Start of Material provided
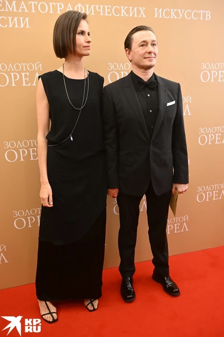 - Распространения ошибка в образе Сергея Безрукова - «разный» черный, соревнующийся друг с другом. Брюки и рубашка смотрятся более насыщенными и контрастными по отношению к пиджаку, из-за чего пиджак кажется не особо респектабельным. А вот образ супруги Сергея безукоризненно современный. Очень удачно сделан выбор в пользу платья асимметричного кроя. Отдельно хочется обратить внимание на трендовые украшения на шее Анны и моно-серьгу. И ещё один модный акцент образа - геометричные босоножки.
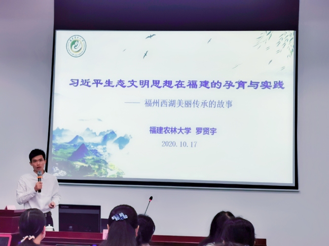 10月17日上午,在马克思主义学院院长论坛上,李宝艳教授作了《思政课“一主三辅”教学模式创新》的主题发言;在“形势与政策”课“讲好中国故事·上好思政课程”教学论坛上,罗贤宇老师作了《习近平生态文明思想在福建的孕育与实践——福州西湖美丽传承的故事》的示范教学,他们的精彩发言与授课,受到了与会老师的高度认可。
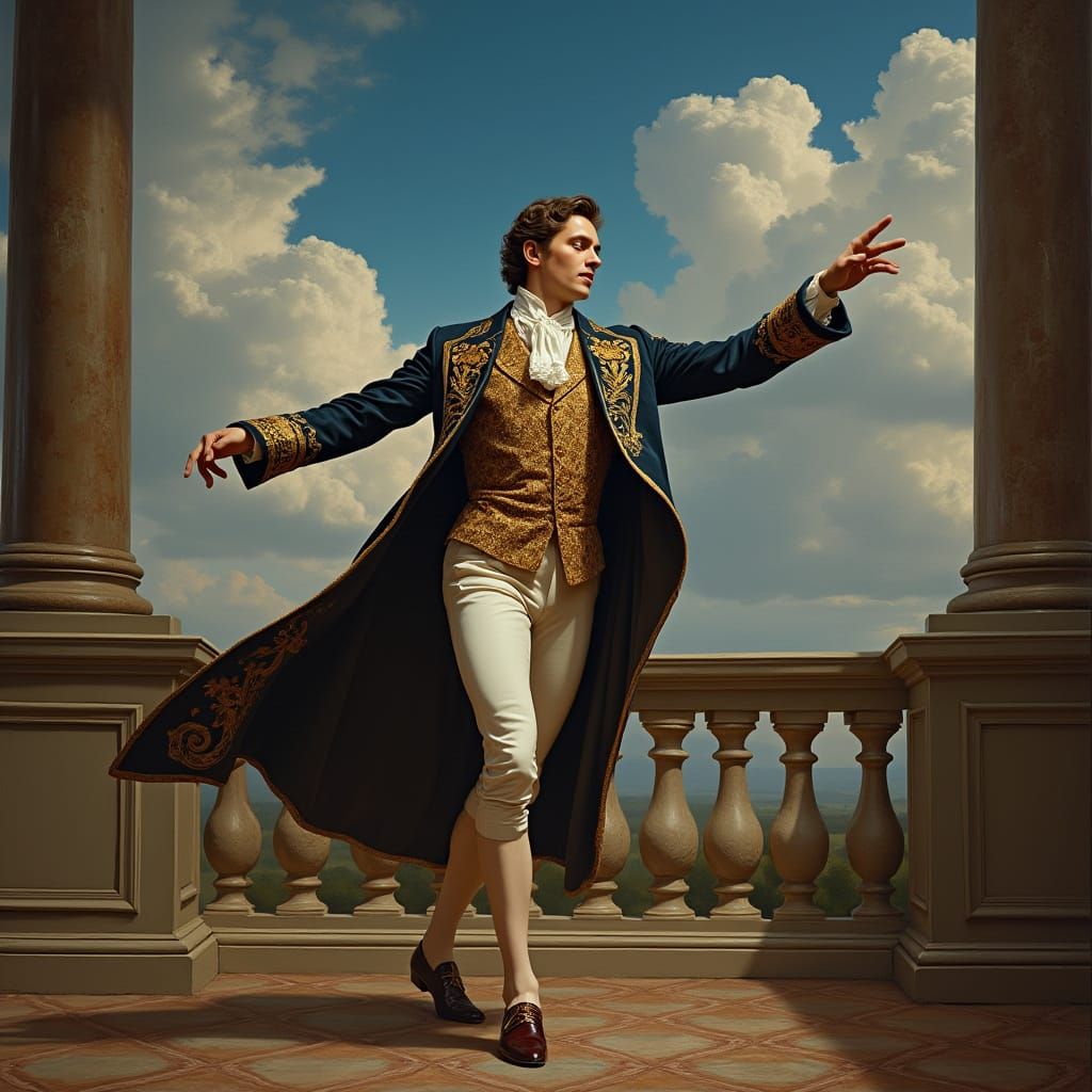 This image depicts a refined gentleman dancing in a lavish, 17th-century-inspired manor, set against a brilliant blue sky with puffy white clouds, and illuminated with dramatic chiaroscuro lighting.
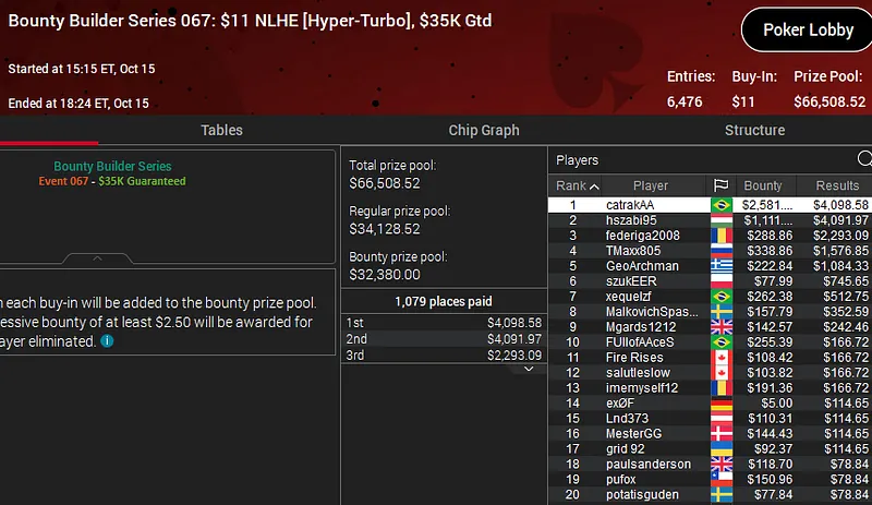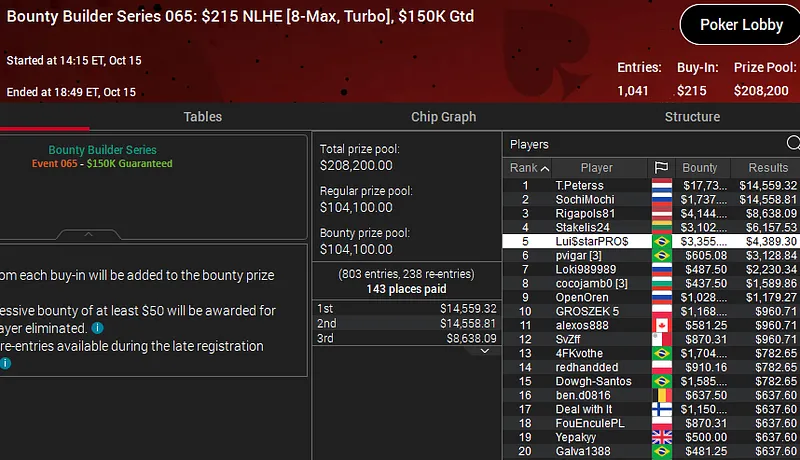 Quem também ficou muito perto de soltar o grito de campeão na série do PokerStars foi o jogador que pilota a conta "Staute". O grinder brasileiro foi o segundo melhore entre um field de 6.399 entradas no Bounty Builder Series 063: US$ 55 NLHE [8-Max] e conquistou a medalha de prata que veio acompanhada por um prêmio de US$ 22.794.
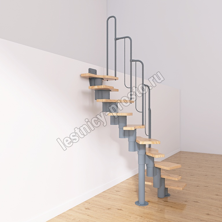 Лестница Prosto Urban Grey г-образная гусиный шаг 600 мм, h180-264 см (10 ступеней)
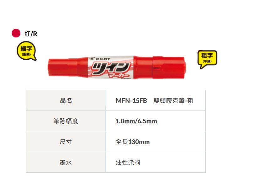 百樂PILOT雙頭麥克筆MFN-15FB-R/紅/1.0~6.5mm
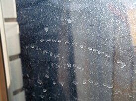 2年ほど放置していた窓の汚れ。雨の跡や砂ぼこりでこんなに汚れていたなんて……。でも、アルカリ電解水のパワーでみるみるキレイに。あっという間に透明感が復活。
End of Material provided
What you have to do: Where images occur in the data above, leave them out and repeat everything else exactly.

Completed exercise:
 - Распространения ошибка в образе Сергея Безрукова - «разный» черный, соревнующийся друг с другом. Брюки и рубашка смотрятся более насыщенными и контрастными по отношению к пиджаку, из-за чего пиджак кажется не особо респектабельным. А вот образ супруги Сергея безукоризненно современный. Очень удачно сделан выбор в пользу платья асимметричного кроя. Отдельно хочется обратить внимание на трендовые украшения на шее Анны и моно-серьгу. И ещё один модный акцент образа - геометричные босоножки.
 10月17日上午,在马克思主义学院院长论坛上,李宝艳教授作了《思政课“一主三辅”教学模式创新》的主题发言;在“形势与政策”课“讲好中国故事·上好思政课程”教学论坛上,罗贤宇老师作了《习近平生态文明思想在福建的孕育与实践——福州西湖美丽传承的故事》的示范教学,他们的精彩发言与授课,受到了与会老师的高度认可。
 This image depicts a refined gentleman dancing in a lavish, 17th-century-inspired manor, set against a brilliant blue sky with puffy white clouds, and illuminated with dramatic chiaroscuro lighting.
 Quem também ficou muito perto de soltar o grito de campeão na série do PokerStars foi o jogador que pilota a conta "Staute". O grinder brasileiro foi o segundo melhore entre um field de 6.399 entradas no Bounty Builder Series 063: US$ 55 NLHE [8-Max] e conquistou a medalha de prata que veio acompanhada por um prêmio de US$ 22.794.
 Лестница Prosto Urban Grey г-образная гусиный шаг 600 мм, h180-264 см (10 ступеней)
 百樂PILOT雙頭麥克筆MFN-15FB-R/紅/1.0~6.5mm
 2年ほど放置していた窓の汚れ。雨の跡や砂ぼこりでこんなに汚れていたなんて……。でも、アルカリ電解水のパワーでみるみるキレイに。あっという間に透明感が復活。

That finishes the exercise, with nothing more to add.